_SOURCE DATA_
+===+

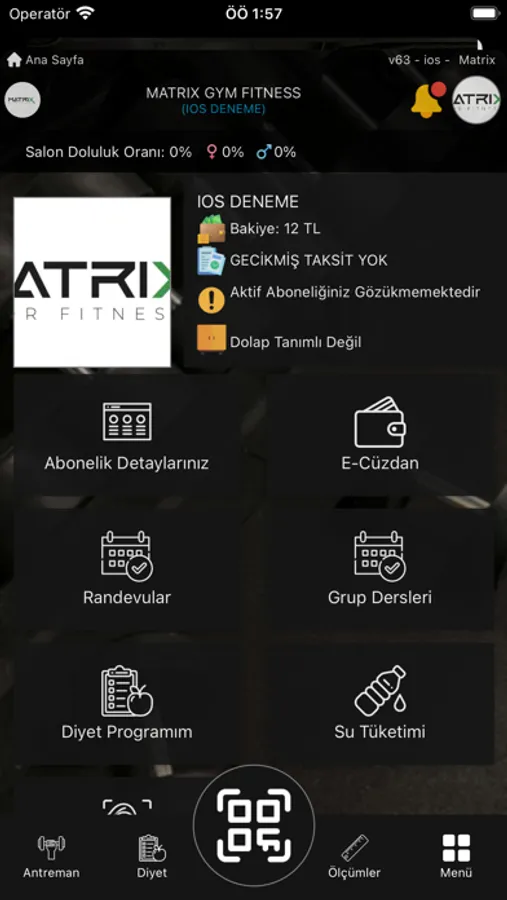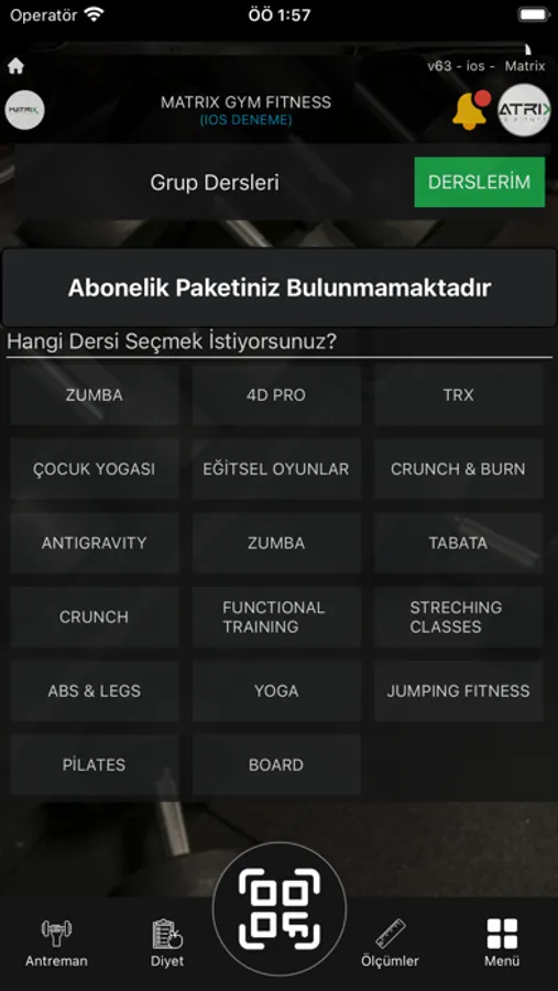 Abonelikler: Spor aboneliğinizi "Matrix" kullanarak takip edebilir, kaç gün kaldığını, kalan seansları görebilir, mevcut paketler ve fiyat listeleri hakkında bilgi edinebilirsiniz.
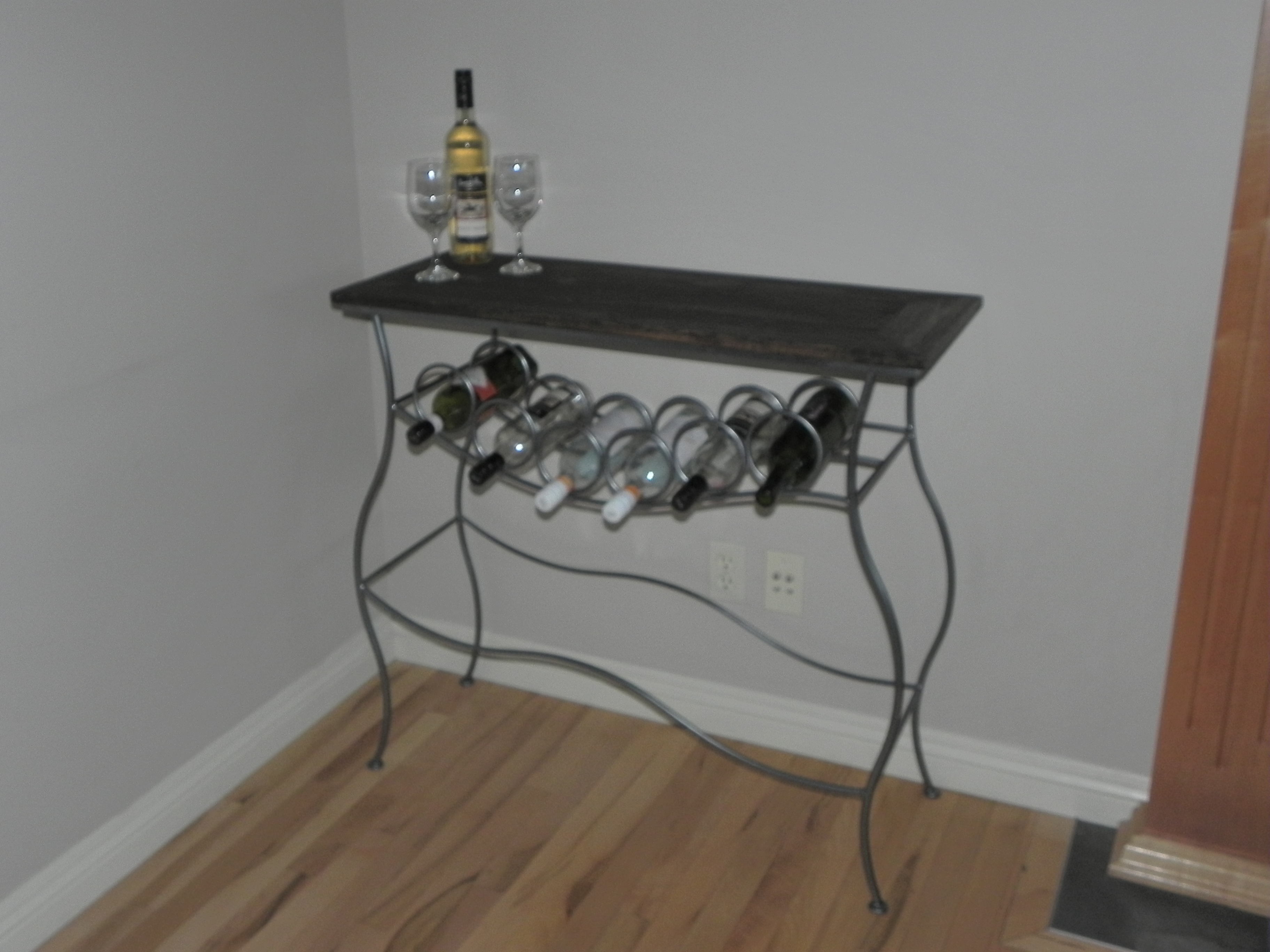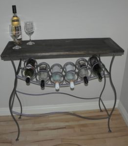 A combination of distressed pine and steel lends an elemental quality to this funky console table. Solidly built using solid iron and full welds, it’s a dramatic platform for displaying your favorite wines. We can create this same console table for you in whatever dimensions you need. The finish of the top and base are fully customized as well based on your home decor. Crafted of solid distressed pine and steel. The wood top will have variations inherent to distressed materials such as visible knots, hairline cracks and wear. Each piece is one of a kind.
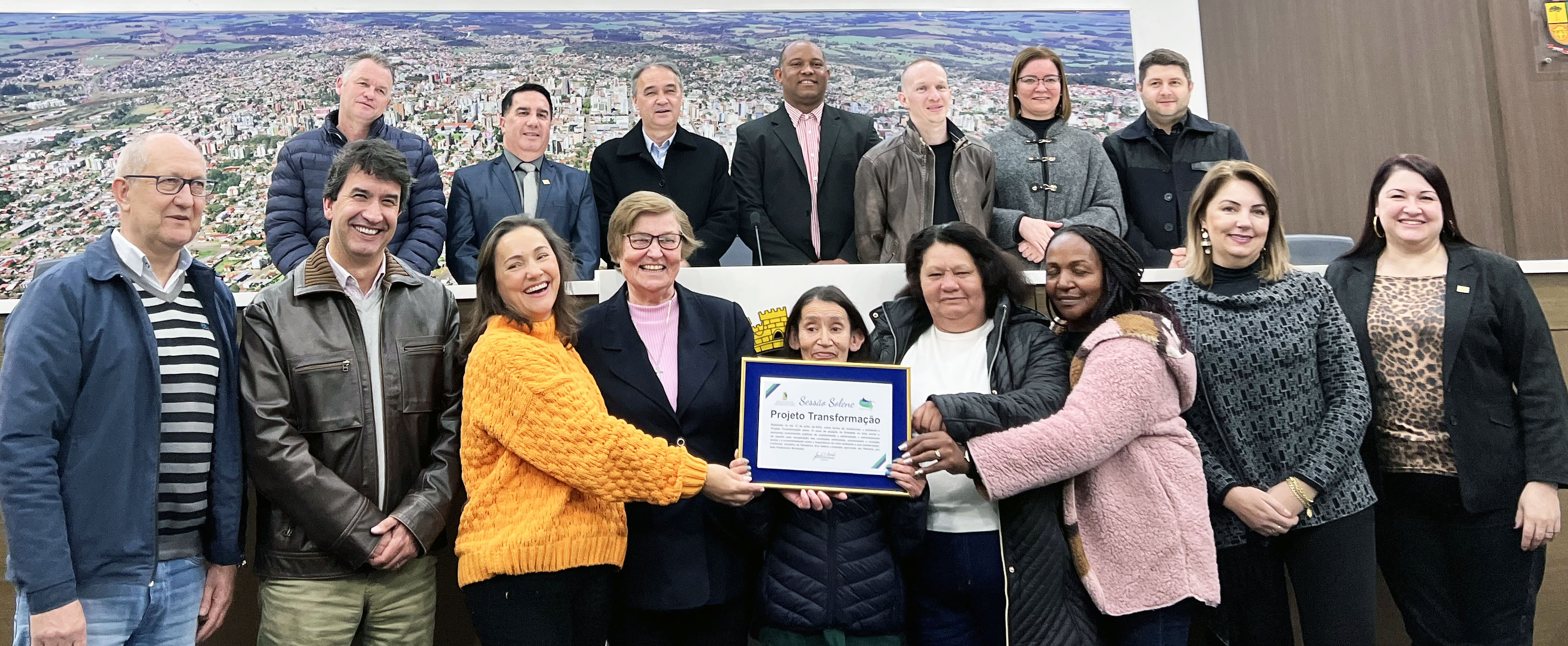 Tamanha relevância motivou a Câmara de Vereadores a convidar representantes das entidades associadas – Cáritas Arquidiocesana de Passo Fundo, Irmãs Franciscanas Missionárias de Maria Auxiliadora, Missionários da Sagrada Família, Congregação de Nossa Senhora e Congregação Missionária Redentorista – a unirem-se aos cooperados da Recibela, Coama e Cootraempo, durante a sessão solene. “Esta é uma singela homenagem a esse Projeto e às pessoas que o integram. Singela porque a grandiosidade do trabalho desenvolvido pelo TransformAção, por cada trabalhadora e trabalhador da reciclagem, por cada voluntária e voluntário, não pode ser mensurada em palavras”, enfatizou a vereadora proponente, Valéria Lorenzato.

+===+

_WHAT TO WORK ON_
Print each line of the listing, starting at its first and ending with the line that holds "A combination of", but skip any pictures.

_TASK RESULT_
 Abonelikler: Spor aboneliğinizi "Matrix" kullanarak takip edebilir, kaç gün kaldığını, kalan seansları görebilir, mevcut paketler ve fiyat listeleri hakkında bilgi edinebilirsiniz.
 A combination of distressed pine and steel lends an elemental quality to this funky console table. Solidly built using solid iron and full welds, it’s a dramatic platform for displaying your favorite wines. We can create this same console table for you in whatever dimensions you need. The finish of the top and base are fully customized as well based on your home decor. Crafted of solid distressed pine and steel. The wood top will have variations inherent to distressed materials such as visible knots, hairline cracks and wear. Each piece is one of a kind.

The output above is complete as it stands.